ヴィーヴォとしては、そこまで見越した上でこのような提案をしているはず。結論として、彼の提案した条件は、実に絶妙な内容だった。
おそらく彼は、こちらが軍事力を、その土台となる人口を欲していることを察した上でこのような提案をしている。臣従させた西の小貴族領群に税を上納させた上で、自領において予備役制度のようなものを整備していることを、情報収集によって掴んでいるのだろう。

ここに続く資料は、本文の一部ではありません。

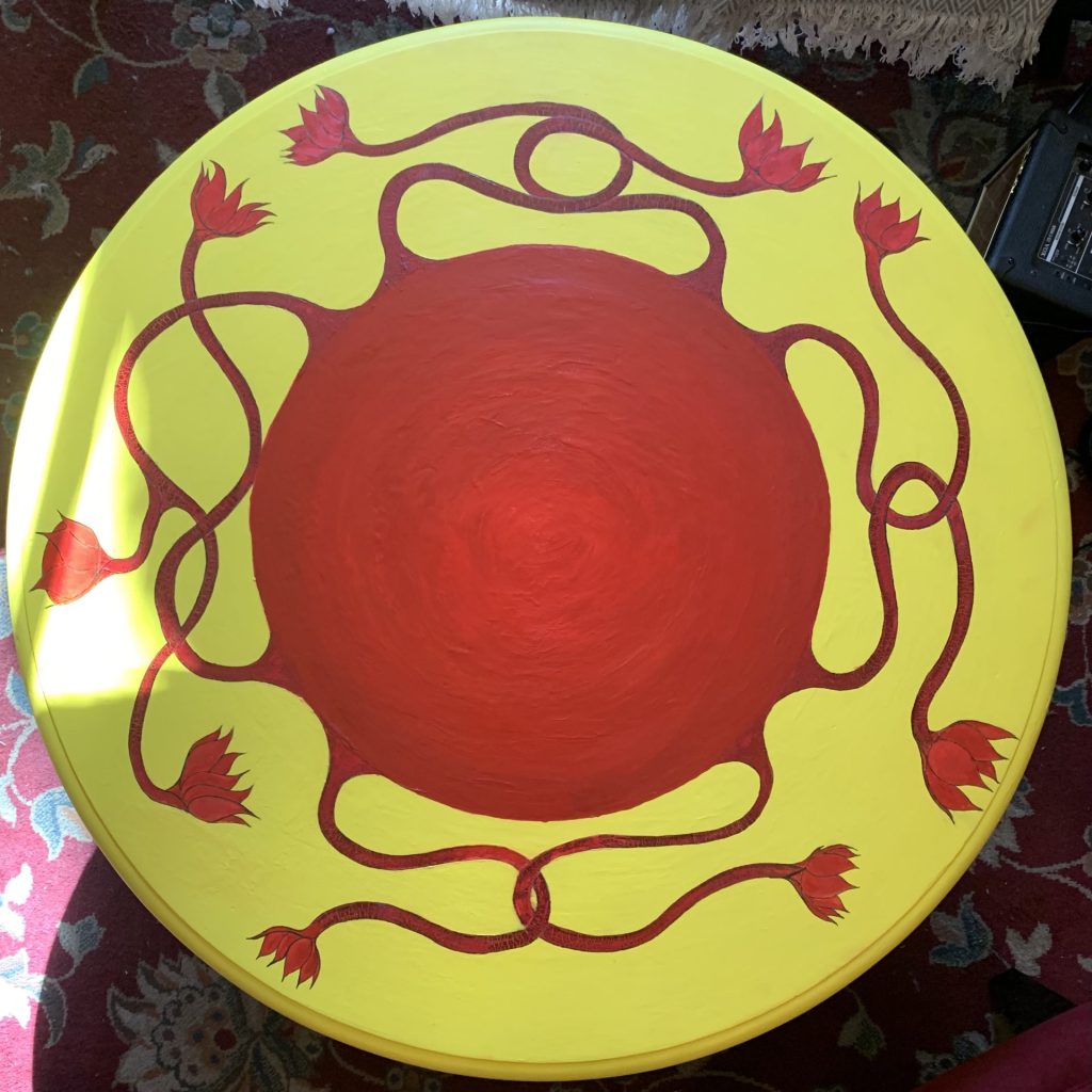 Home Art Living Sun Living Sun By Martin Rae Veil - August 6, 2025 65 ________________________________________________________________________ acrylic and watercolor on wooden coffee table 7 comments

臆病者と評されることを承知の上で一度戦場から逃走したのも、捕縛されて不利な条件で降伏させられることを避け、再戦の余地を残した上であえて交渉を申し出ることで、できるだけ対等に近い立場で双方の利点を提示し、自家に有利な降伏条件を引き出すためか。そうしてレコッサと鉄鉱山を維持すれば、危機的状況でも権力の根幹を守り抜いた当主として、家に近しい者たちや都市部の有力者からの支持は保つことができる。
政治的な立ち回りについては、なかなかよく考えられている。将としてのヴィーヴォは――実戦経験も持ち得ないこのような時世では仕方のないことだが――決して強敵とは言えなかった。しかし政治家としての彼は、極めて強かで、有能で、だからこそきっと手強い。